Tra quella moltitudine i primi imprenditori reclutavano gli uomini più adatti al nuovo sistema produttivo, basato essenzialmente sulla manifattura.
La produzione era concentrata nell’attività del proprietario della “bottega”: gli operai dovevano utilizzare al massimo le fonti di energia per far funzionare il rudimentale complesso di macchine. Il proprietario era il coordinatore di tutte le operazioni assegnate ai vari lavoratori, sincronizzate al punto
da poter fornire in fretta il prodotto finito.
Quella “catena di montaggio” era regolata da una lunga serie di doveri (regolamenti di fabbrica) cui
ogni dipendente era subordinato, nonché dagli uniformi e rigidi orari di lavoro nella giornata lavorativa, variante dalle 15 alle 16 ore.
In quasi tutte le cronache sociali tra il XVIII e il XIX secolo vennero palesate le miserabili, quanto
pietose condizioni delle classi lavoratrici e, in particolare, del proletariato urbano di fabbrica. Vi fu
una vera e propria denuncia di tutti gli orrori connessi al periodo dell’industrializzazione e alla vita
nei quartieri poveri delle città industriali.
Queste cronache rivelano un incredibile paradosso: l’aumento della produttività, dei controlli nei luoghi di lavoro, della disciplina tra i vari lavoratori, l’incremento sensibile della ricchezza, l’innovazione dei sistemi di produzione, i vari macchinari, generarono comunque un netto impoverimento di
quella popolazione che contribuiva direttamente al cambiamento.

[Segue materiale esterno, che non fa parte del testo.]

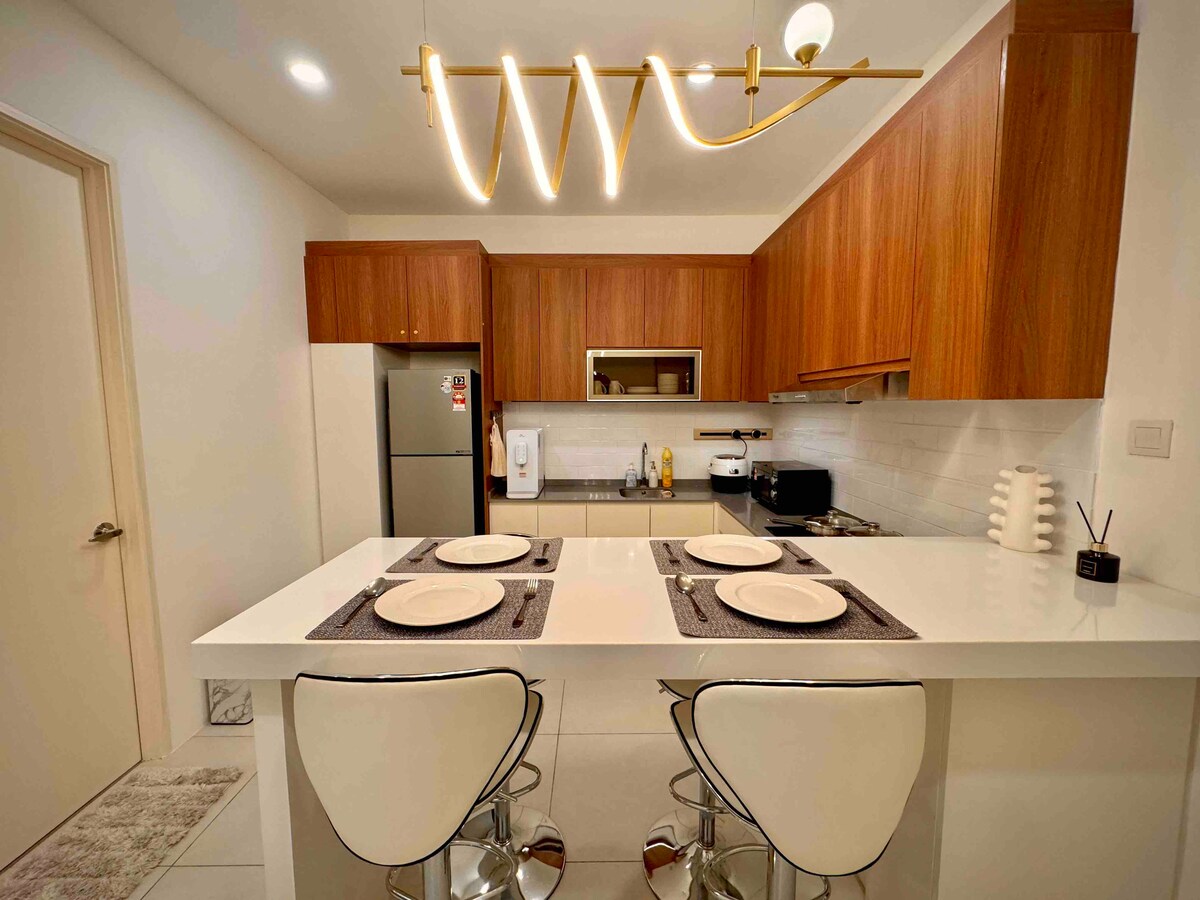 Relaxează-te cu întreaga familie în această locuință minimalistă elegantă, cu vedere uimitoare la munții emblematici din Kuching. Situată într-un cartier liniștit, dar vibrant, această locuință oferă o atmosferă liniștită și confortabilă. Este locul perfect pentru a te relaxa și a te bucura de natură, fiind în același timp aproape de aeroport, mall-uri și centrul orașului. Acest studio cu bucătărie poate găzdui până la 4 persoane, potrivit pentru cupluri, persoane care călătoresc în interes de afaceri, familie și prieteni. ★ Parcare gratuită (în funcție de disponibilitate), piscină pe acoperiș și acces la sala de fitness

Le ragioni furono molteplici, ma per lo più questo fenomeno va attribuito alle trasformazioni tecniche e sociali prodotte dalla rivoluzione industriale ed alla modalità con cui il lavoro nelle industrie
veniva svolto.
Non si trattava di metodi di produzione a misura umana; l’uomo veniva sfruttato più di una semplice macchina e la nuova società, il cui obiettivo principale era di produrre al massimo per la maggiore ricchezza, non si curò mai del sempre crescente disagio di coloro che vivevano in condizioni ai limiti dell’umana sopportazione.
In questo periodo si svilupparono in Inghilterra i primi movimenti operai, tra cui va ricordato il “Luddismo” che a partire dal 1811 segnò il passaggio dalla protesta generica e disarticolata alle forme di
organizzazione più moderna dei lavoratori. Successivamente, si sviluppò in Gran Bretagna un nuovo movimento chiamato “Cartismo” dal nome di una pubblicazione, nel maggio 1838, di una “Carta del Popolo” che conteneva sei richieste da parte di uomini del movimento sindacale che speravano di migliorare le condizioni del lavoro operaio. Comunque anche quel movimento, per contrasti
interni, ebbe vita breve e scomparve intorno al 1848.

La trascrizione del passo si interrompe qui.